## What you will do
Pictures stay out of the copy. Retype exactly the lines below from the one with "- [高三]天舟高考·(衡中同卷)·2025届全国联合性检测历史答案" through the one with "首先,各位领导到林业工程学院".

(Records excerpted from a collection)
::::::::::

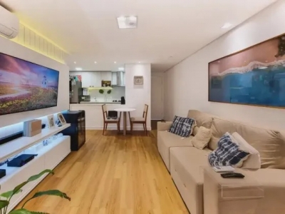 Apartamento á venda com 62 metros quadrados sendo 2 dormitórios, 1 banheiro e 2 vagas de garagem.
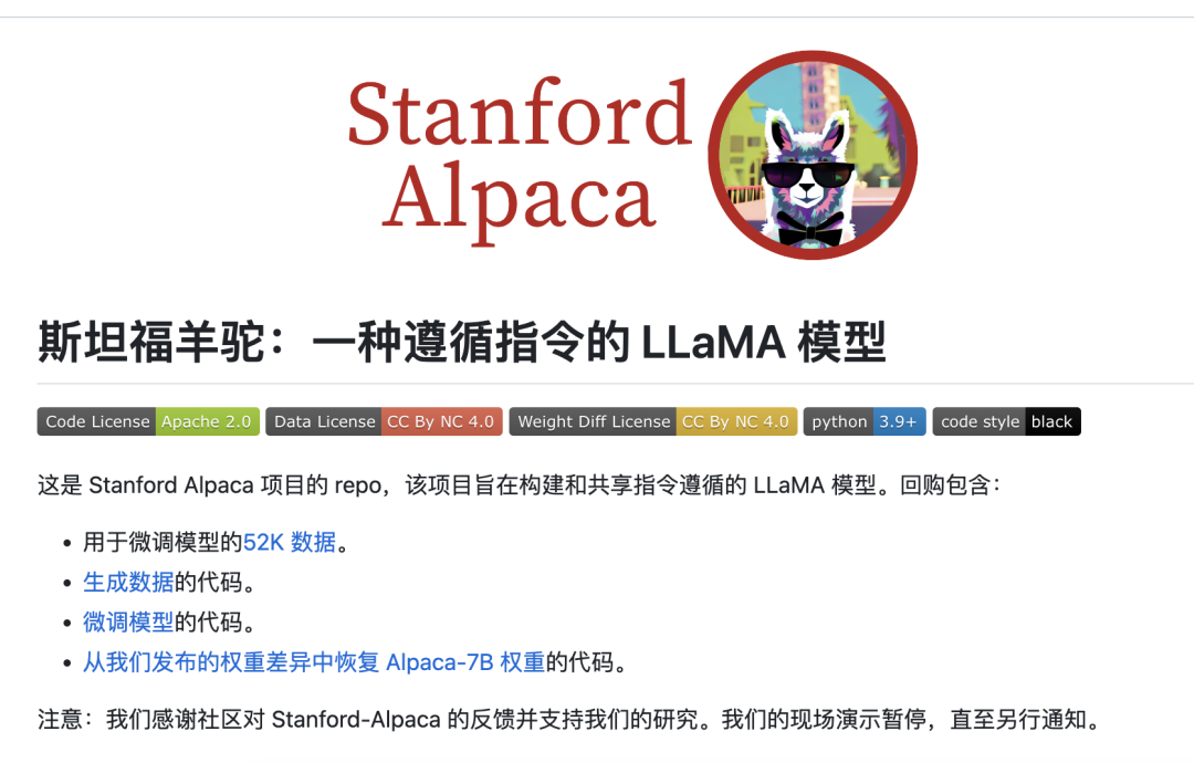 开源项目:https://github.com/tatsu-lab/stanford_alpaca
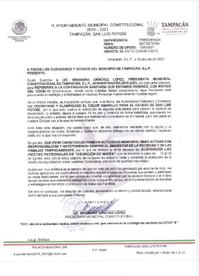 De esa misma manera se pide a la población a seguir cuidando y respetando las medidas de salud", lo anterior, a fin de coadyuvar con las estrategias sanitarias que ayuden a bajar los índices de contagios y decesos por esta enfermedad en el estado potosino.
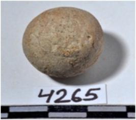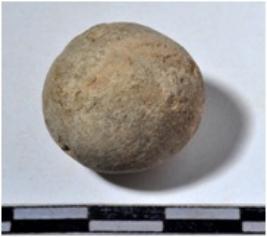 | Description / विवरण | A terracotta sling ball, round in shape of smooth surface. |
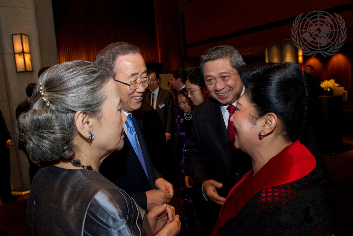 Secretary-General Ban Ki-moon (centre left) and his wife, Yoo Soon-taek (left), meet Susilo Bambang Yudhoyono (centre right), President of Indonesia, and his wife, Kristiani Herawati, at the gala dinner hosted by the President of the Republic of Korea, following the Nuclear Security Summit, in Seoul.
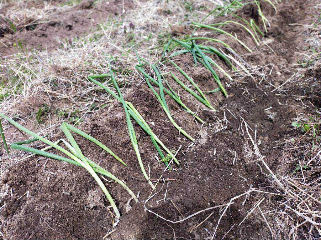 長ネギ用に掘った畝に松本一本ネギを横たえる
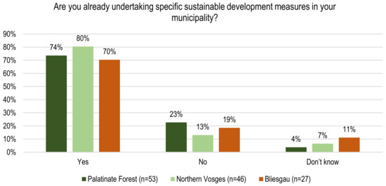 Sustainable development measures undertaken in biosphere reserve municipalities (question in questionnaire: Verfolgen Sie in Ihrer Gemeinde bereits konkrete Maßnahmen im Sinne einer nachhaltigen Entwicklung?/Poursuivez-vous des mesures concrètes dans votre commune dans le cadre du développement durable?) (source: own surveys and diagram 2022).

::::::::::

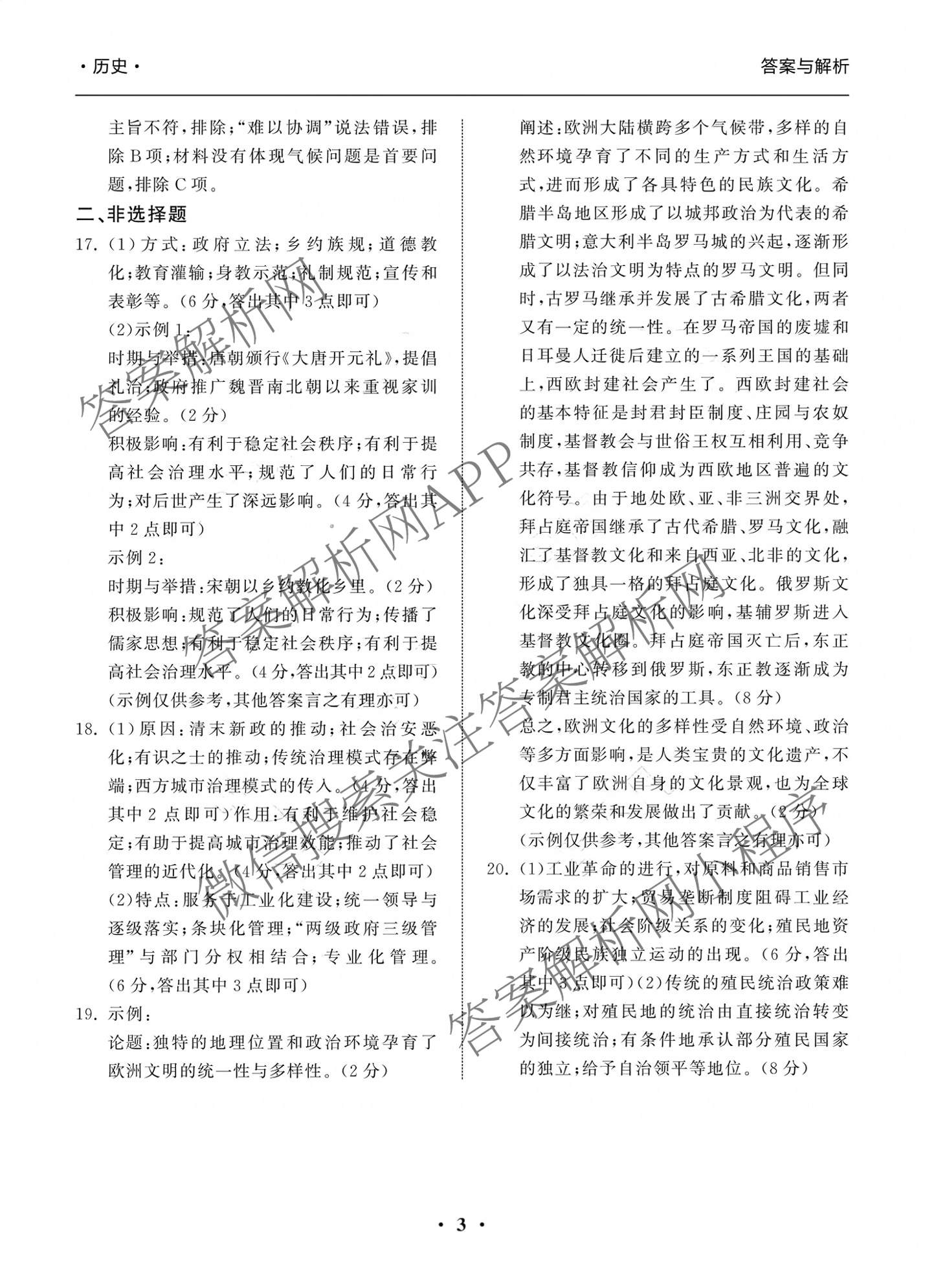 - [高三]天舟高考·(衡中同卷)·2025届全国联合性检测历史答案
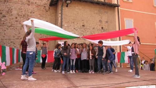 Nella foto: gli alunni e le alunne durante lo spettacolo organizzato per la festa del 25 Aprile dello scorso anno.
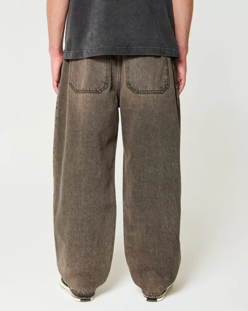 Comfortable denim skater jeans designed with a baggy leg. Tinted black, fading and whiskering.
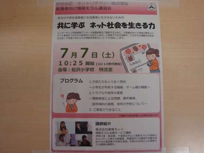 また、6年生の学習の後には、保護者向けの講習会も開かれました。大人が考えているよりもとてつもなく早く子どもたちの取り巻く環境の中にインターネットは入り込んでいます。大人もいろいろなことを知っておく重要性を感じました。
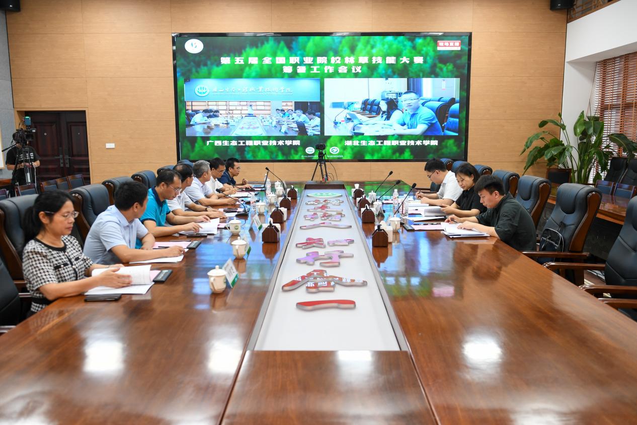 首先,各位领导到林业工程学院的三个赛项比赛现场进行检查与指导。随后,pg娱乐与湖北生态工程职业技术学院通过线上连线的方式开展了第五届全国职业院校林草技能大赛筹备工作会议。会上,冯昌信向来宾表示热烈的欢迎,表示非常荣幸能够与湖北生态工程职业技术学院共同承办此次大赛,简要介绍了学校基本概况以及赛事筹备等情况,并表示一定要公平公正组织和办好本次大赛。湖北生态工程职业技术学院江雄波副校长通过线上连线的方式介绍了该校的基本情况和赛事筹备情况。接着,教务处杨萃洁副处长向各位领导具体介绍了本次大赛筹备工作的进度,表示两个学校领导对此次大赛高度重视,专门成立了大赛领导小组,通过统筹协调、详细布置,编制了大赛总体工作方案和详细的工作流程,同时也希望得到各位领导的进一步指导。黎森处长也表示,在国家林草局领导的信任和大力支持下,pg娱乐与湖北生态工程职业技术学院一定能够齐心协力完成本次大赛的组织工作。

::::::::::

## Worked solution
 - [高三]天舟高考·(衡中同卷)·2025届全国联合性检测历史答案
 Nella foto: gli alunni e le alunne durante lo spettacolo organizzato per la festa del 25 Aprile dello scorso anno.
 Comfortable denim skater jeans designed with a baggy leg. Tinted black, fading and whiskering.
 また、6年生の学習の後には、保護者向けの講習会も開かれました。大人が考えているよりもとてつもなく早く子どもたちの取り巻く環境の中にインターネットは入り込んでいます。大人もいろいろなことを知っておく重要性を感じました。
 首先,各位领导到林业工程学院的三个赛项比赛现场进行检查与指导。随后,pg娱乐与湖北生态工程职业技术学院通过线上连线的方式开展了第五届全国职业院校林草技能大赛筹备工作会议。会上,冯昌信向来宾表示热烈的欢迎,表示非常荣幸能够与湖北生态工程职业技术学院共同承办此次大赛,简要介绍了学校基本概况以及赛事筹备等情况,并表示一定要公平公正组织和办好本次大赛。湖北生态工程职业技术学院江雄波副校长通过线上连线的方式介绍了该校的基本情况和赛事筹备情况。接着,教务处杨萃洁副处长向各位领导具体介绍了本次大赛筹备工作的进度,表示两个学校领导对此次大赛高度重视,专门成立了大赛领导小组,通过统筹协调、详细布置,编制了大赛总体工作方案和详细的工作流程,同时也希望得到各位领导的进一步指导。黎森处长也表示,在国家林草局领导的信任和大力支持下,pg娱乐与湖北生态工程职业技术学院一定能够齐心协力完成本次大赛的组织工作。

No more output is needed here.